Off-top, but what's the meaning behind the last line signature? I've seen you use it before.

[–] Transcendant@lemmy.world 2 points 9 months ago (1 children)

Looks like steepled hands to me

[–] andrew_bidlaw@sh.itjust.works 3 points 9 months ago (1 children)

Or a raven looking down on us.

[–] Transcendant@lemmy.world 2 points 9 months ago (1 children)

I saw a picture earlier of a baby hedgehog with its legs just like this. Probably not that though. Will OP ever release us from this mystery?

[–] andrew_bidlaw@sh.itjust.works 2 points 9 months ago (1 children)

As per their comment history, I think they may be kinda delighted to live us that way.

[–] Transcendant@lemmy.world 2 points 9 months ago

I found some of their comments quite interesting, they clearly think a lot. Don't agree with everything they said but that's life, people have different opinions.

I'm going to go with it being an ascii equivalent of the 'namaste' hand gesture and stop thinking about it 😅

[–] originalucifer@moist.catsweat.com 6 points 9 months ago (3 children)

nature hasnt reaally solved the replication problem (cancers). but we will? i guess its possible.

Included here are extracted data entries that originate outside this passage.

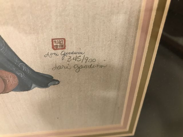 Artist Signed Geisha Block Print, signed Lori Goodwin, numbered 345/900, framed, 20"h., 18"w. Artist Signed Geisha Block Print, signed Lori Goodwin, numbered 345/900, framed, 20"h., 18"w.
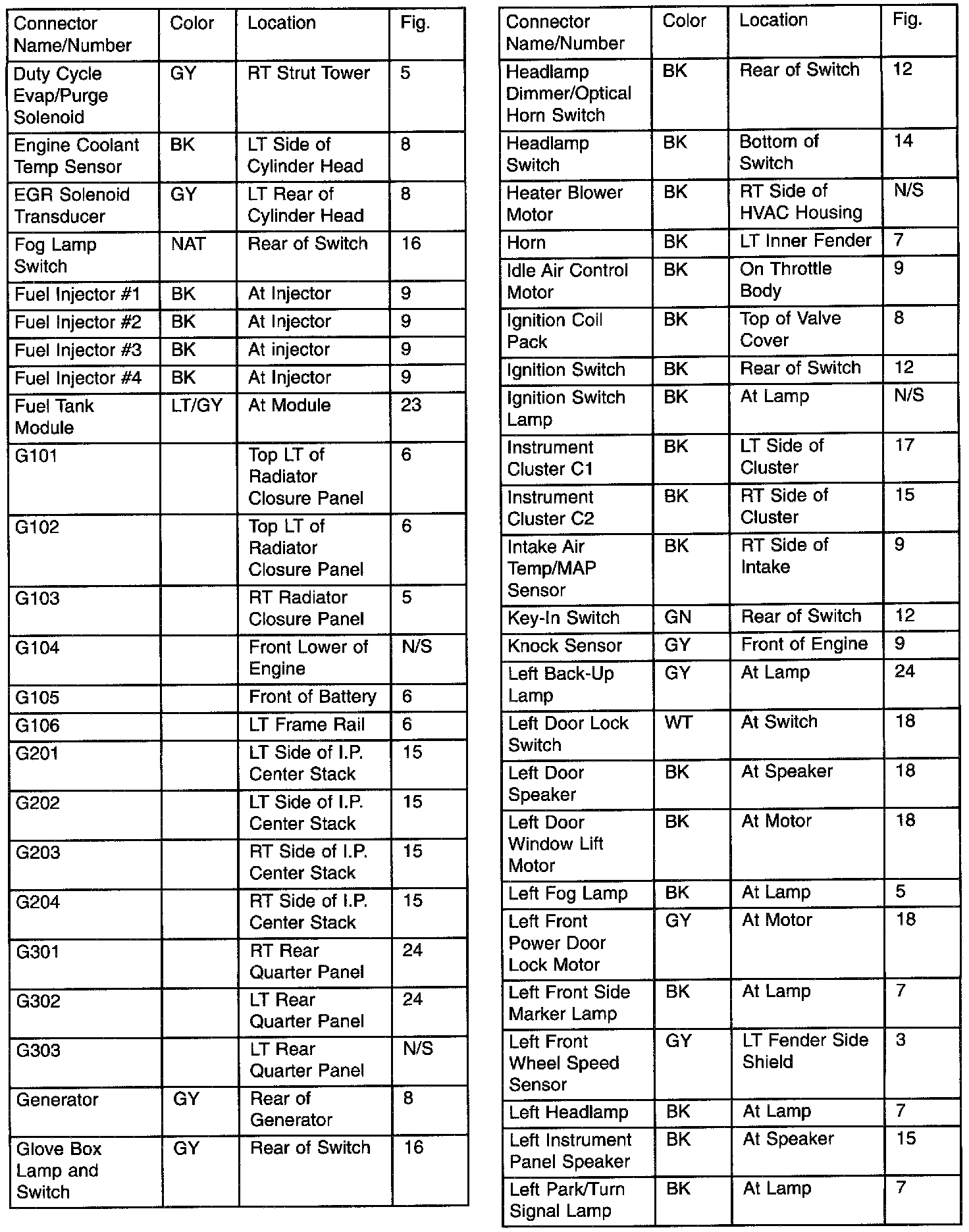 Connector & Ground Locations Index
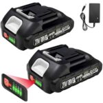 UPF製のマキタ互換バッテリー18V/21V 2000mAhの2個セット。長時間作業可能で、LED残量表示、保護機能搭載。小型軽量、充電器付きでPSE認証済み。
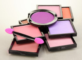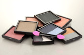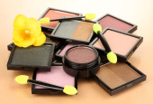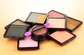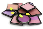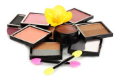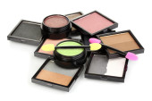 jasne cienie i Pędzle gąbkowe Fundacji na białym tle
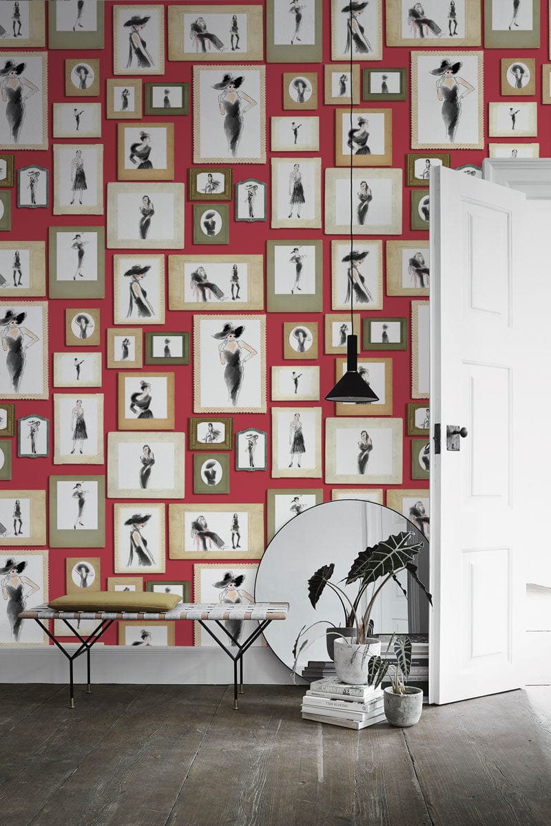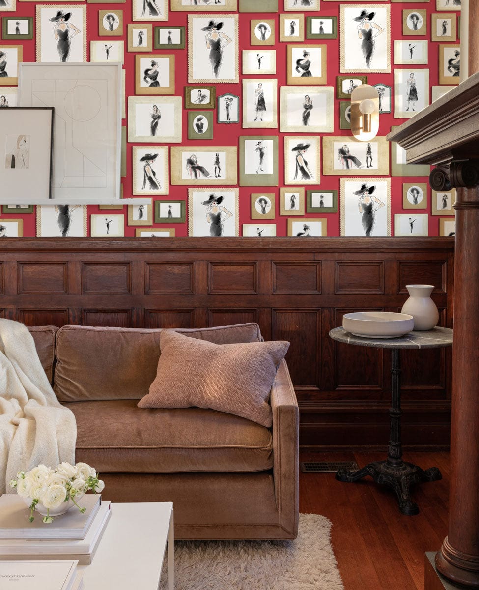 The Modern Lady Wallpaper Mural captures a refined elegance, featuring a collage of graceful figures depicted in dynamic poses. Framed in a palette of rich red and muted mustard, each figure is set against a backdrop of soft whites and greys, offering a striking contrast. This mural introduces a sense of timeless sophistication, seamlessly blending into a range of interior settings, evoking a gallery-like ambience that invites admiration and contemplation.
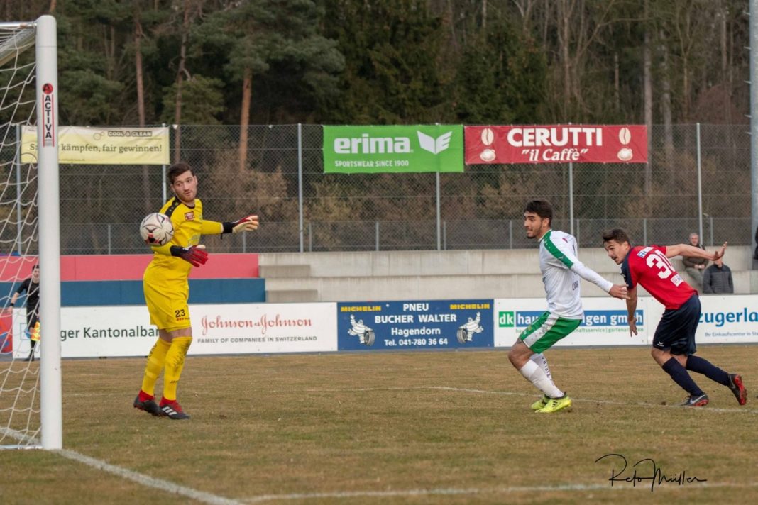 Der SC Cham gewinnt seine erste Partie nach der Winterpause gegen Brühl St.Gallen mit 1:0 Toren. Die Eizmoos-Elf musste sich allerdings lange gedulden, bis der entscheidende Treffer in der 91. Minute durch Neuzugang Kevin Röthlisberger fiel.
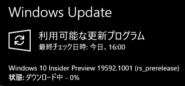 今日、Windsows10のインサイダープレビューのFastリングに、19592.1001が降ってきました。
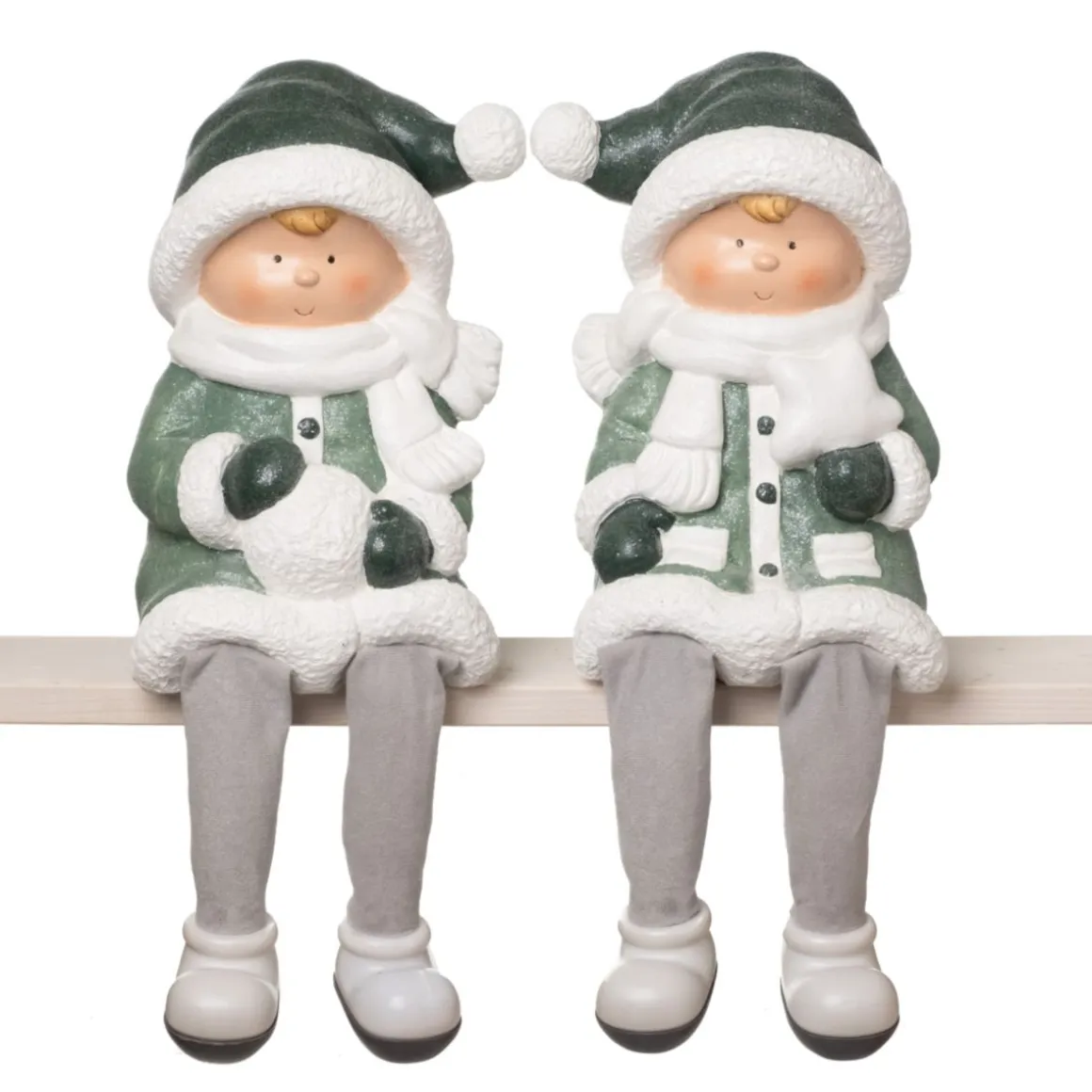 Kantensitzer Winterkinder 2er-Set 30cm grün weiss
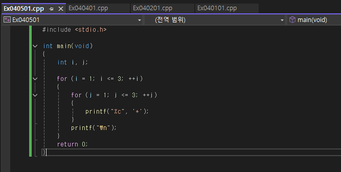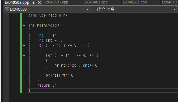 이를 이용하여 어떻게 소스코드를 짤지 구상해보자 일단 변수는 i와 j를 선언해준다. 위의 예제처럼 for문을 이용한 이중 반복문으로 i는 3보다 작거나 같을 때 까지, j는 4보다 작거나 같을때 까지 반복하게 해주면 될것이다. 문제는 각 항마다 커지는 숫자인데 j의 값을 그대로 printf();를 이용하여 출력하자니 줄이 바뀌면 다시 j는 1부터 시작한다. 이를 해결하기위해 cnt를 이용해보았다

[–] ColeSloth@discuss.tchncs.de 6 points 9 months ago

Who says nature isn't cool with cancer? Nature don't give a fuck.

[–] KairuByte@lemmy.dbzer0.com 3 points 9 months ago (1 children)

Natures answer to cancer is to let it happen. Just like every other disease.

The way it eradicates it, is that we eventually all die of it, and the few that survive live on to have immunity. It takes an extremely long time. The major problem is, things like cancer usually happen well beyond the point that we start reproducing.

Evolution doesn’t really care about things beyond the point of reproduction. I mean, it kinda does, but not in the same way that dropping dead in childhood does.

Not to mention, humans are actively meddling in evolution. Diseases that would wipe us out are handled with technology now. Meaning we have taken control of a lot of what nature used to do.

[–] originalucifer@moist.catsweat.com 1 points 9 months ago (1 children)

nature cared enough to put a lot of effort into error correction preventing it.but youre right, just enough to keep'em coming

[–] reddit_sux@lemmy.world 1 points 9 months ago

Nature didn't care, it was just an happy accident, a mutation that gave an advantage over others who couldn't correct errors in replication. So they remained and others died away.

[–] Melt@lemm.ee 2 points 9 months ago

Seeing compression, data decay, cosmic radiation flipping bit, I'm not too confident

[–] Lunatech@infosec.exchange 4 points 9 months ago

@L4s Apparently no one remembers the "replicators" arc from the old "Stargate" TV series?